Marc Glisse May 17, 2014, 1:34 p.m. UTC | #2
Ping

On Mon, 28 Apr 2014, Marc Glisse wrote:

> Ping
> http://gcc.gnu.org/ml/gcc-patches/2014-04/msg00590.html
>
> (note that ARM seems to be doing the same thing for their neon intrinsics, 
> see Ramana's patch series posted today)
>
> On Fri, 11 Apr 2014, Marc Glisse wrote:
>
>> Hello,
>> 
>> the previous discussion on the topic was before we added all those #pragma 
>> target in *mmintrin.h:
>> 
>> http://gcc.gnu.org/ml/gcc-patches/2013-04/msg00374.html
>> 
>> I believe that removes a large part of the arguments against it. Note that 
>> I only did a few of the more obvious intrinsics, I am waiting to see if 
>> this patch is accepted before doing more.
>> 
>> Bootstrap+testsuite on x86_64-linux-gnu.
>> 
>> 2014-04-11  Marc Glisse  <marc.glisse@inria.fr>
>>
>> 	* config/i386/xmmintrin.h (_mm_add_ps, _mm_sub_ps, _mm_mul_ps,
>> 	_mm_div_ps, _mm_store_ss, _mm_cvtss_f32): Use vector extensions
>> 	instead of builtins.
>> 	* config/i386/emmintrin.h (_mm_store_sd, _mm_cvtsd_f64, 
>> _mm_storeh_pd,
>> 	_mm_cvtsi128_si64, _mm_cvtsi128_si64x, _mm_add_pd, _mm_sub_pd,
>> 	_mm_mul_pd, _mm_div_pd, _mm_storel_epi64, _mm_movepi64_pi64,
>> 	_mm_loadh_pd, _mm_loadl_pd): Likewise.
>> 	(_mm_sqrt_sd): Fix comment.
Marc Glisse June 28, 2014, 10:42 a.m. UTC | #3
Ping,

nobody has an opinion on this? Or some explanation why I am mistaken to 
believe that #pragma target makes it safer now?

It would enable a number of optimizations, like constant propagation, FMA 
contraction, etc. It would also allow us to remove several builtins.
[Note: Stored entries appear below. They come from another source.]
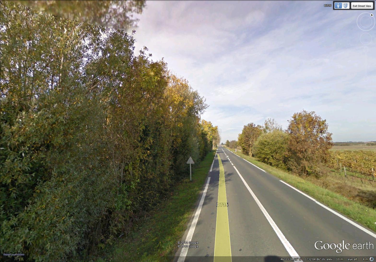 road along beach near Le Martray on Ile de Ré – beach is across the berm to the right (image from Street View)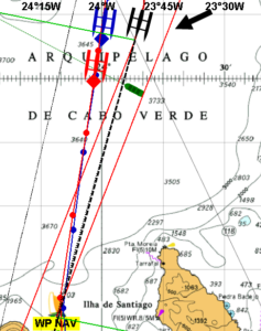 Pour le moment, tous les routages font passer entre les iles du Cap Vert. Chris a particulièrement étudié la question des dévents et on dirait qu'il y a une opportunité à saisir avec l'accélération autour de Fogo qui nous aidera à condition de bien positionner les sillages ... ça implique quelques gybes mais c'est mieux que de se retrouver dans du vent faible.
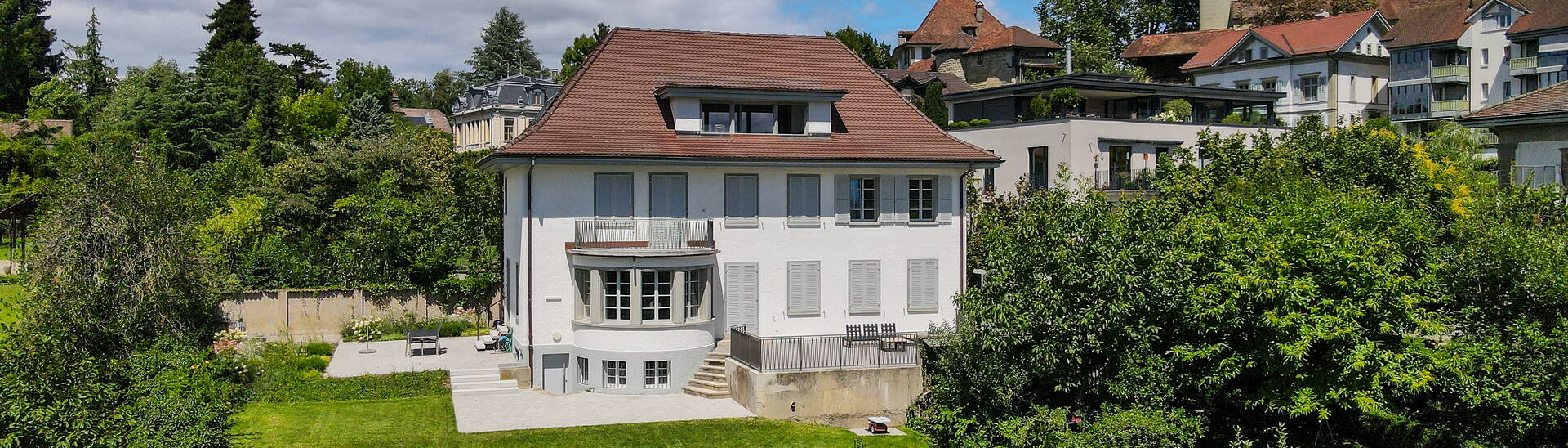 Sanierung und Erweiterung einer erhaltenswerter Villa in ein Doppeleinfamilienhaus.
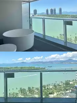 - Every room has floor-to-ceiling windows with a full sea view. I stayed in the **Sky Mirror Seaview Suite**. The living room + two bedrooms all face the sea, and the balcony is super large. During the day, you can see the blue sea and sky. In the evening, you can see the stunning sunset of Sanya Bay. At night, you can enjoy the Phoenix Island light show 🌆! It's so beautiful that you won't want to leave!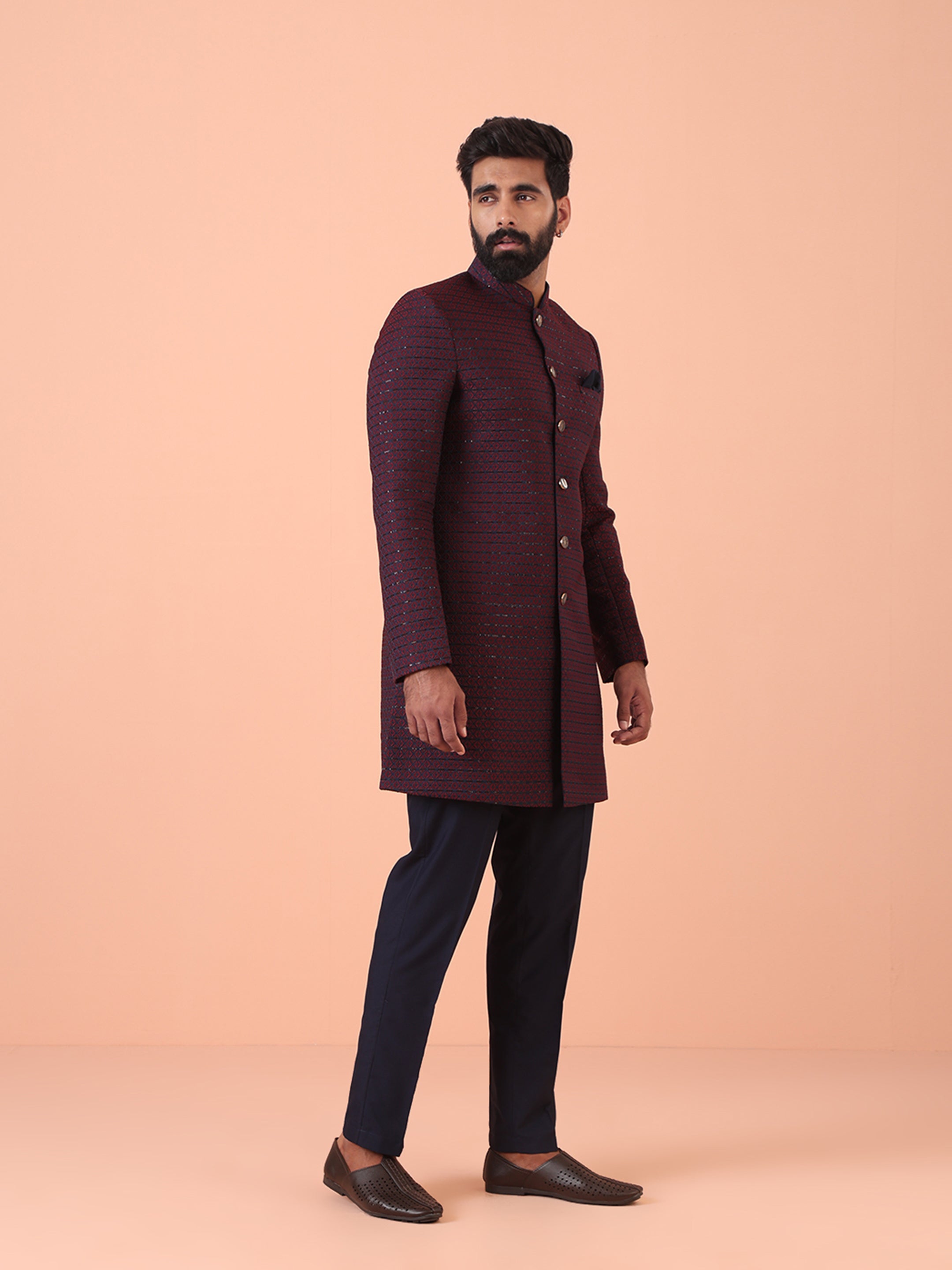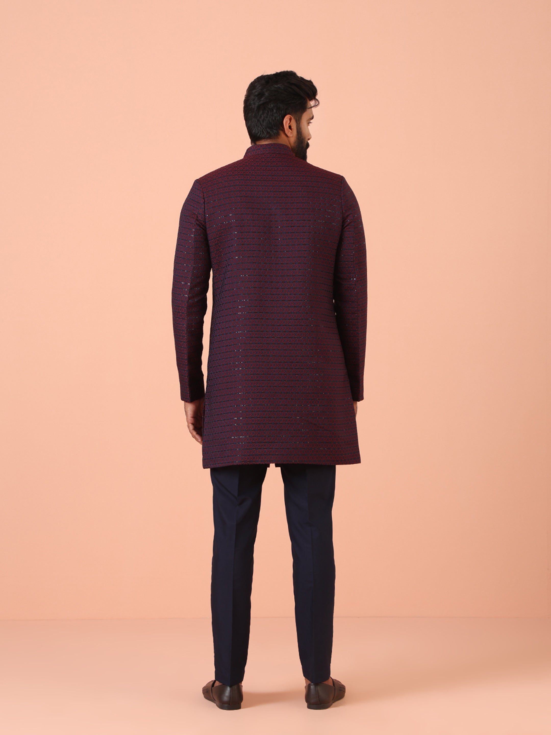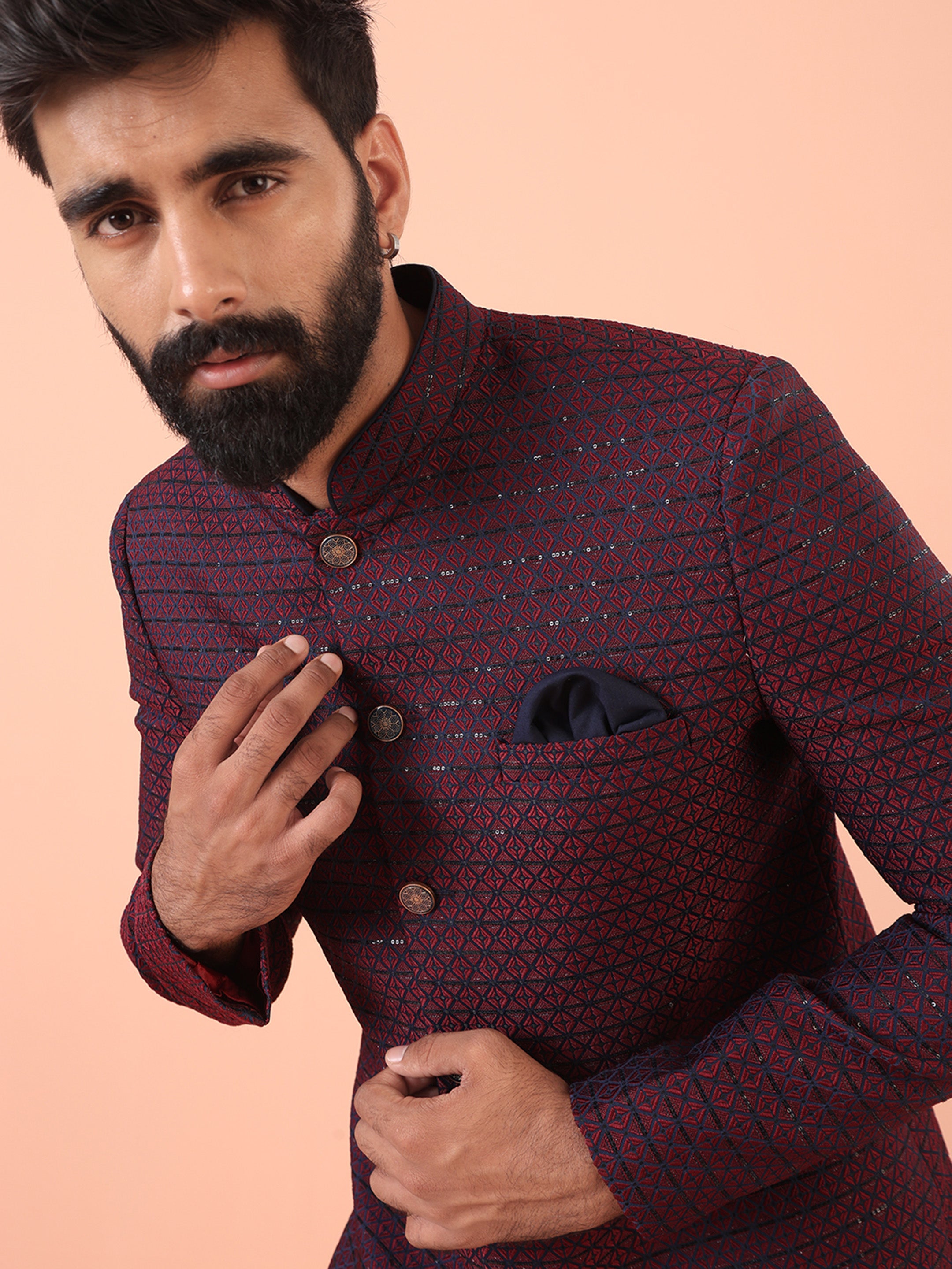 Experience classic elegance with this Men's Navy Blue Color Silk Blend Indo Western Indo Western Trouser Set. The Jacquard Pattern adds a refined touch, while the breathable fabric ensures comfort throughout the day. Ideal for festive events or casual wear, this Indo Western Indo Western Trouser Set is a wardrobe essential.

On Sat, 17 May 2014, Marc Glisse wrote:

> Ping
>
> On Mon, 28 Apr 2014, Marc Glisse wrote:
>
>> Ping
>> http://gcc.gnu.org/ml/gcc-patches/2014-04/msg00590.html
>> 
>> (note that ARM seems to be doing the same thing for their neon intrinsics, 
>> see Ramana's patch series posted today)
>> 
>> On Fri, 11 Apr 2014, Marc Glisse wrote:
>> 
>>> Hello,
>>> 
>>> the previous discussion on the topic was before we added all those #pragma 
>>> target in *mmintrin.h:
>>> 
>>> http://gcc.gnu.org/ml/gcc-patches/2013-04/msg00374.html
>>> 
>>> I believe that removes a large part of the arguments against it. Note that 
>>> I only did a few of the more obvious intrinsics, I am waiting to see if 
>>> this patch is accepted before doing more.
>>> 
>>> Bootstrap+testsuite on x86_64-linux-gnu.
>>> 
>>> 2014-04-11  Marc Glisse  <marc.glisse@inria.fr>
>>>
>>> 	* config/i386/xmmintrin.h (_mm_add_ps, _mm_sub_ps, _mm_mul_ps,
>>> 	_mm_div_ps, _mm_store_ss, _mm_cvtss_f32): Use vector extensions
>>> 	instead of builtins.
>>> 	* config/i386/emmintrin.h (_mm_store_sd, _mm_cvtsd_f64, _mm_storeh_pd,
>>> 	_mm_cvtsi128_si64, _mm_cvtsi128_si64x, _mm_add_pd, _mm_sub_pd,
>>> 	_mm_mul_pd, _mm_div_pd, _mm_storel_epi64, _mm_movepi64_pi64,
>>> 	_mm_loadh_pd, _mm_loadl_pd): Likewise.
>>> 	(_mm_sqrt_sd): Fix comment.
Ulrich Drepper June 28, 2014, 1:37 p.m. UTC | #4
On Sat, Jun 28, 2014 at 6:42 AM, Marc Glisse <marc.glisse@inria.fr> wrote:
> Ping,
>
> nobody has an opinion on this? Or some explanation why I am mistaken to
> believe that #pragma target makes it safer now?
>
> It would enable a number of optimizations, like constant propagation, FMA
> contraction, etc. It would also allow us to remove several builtins.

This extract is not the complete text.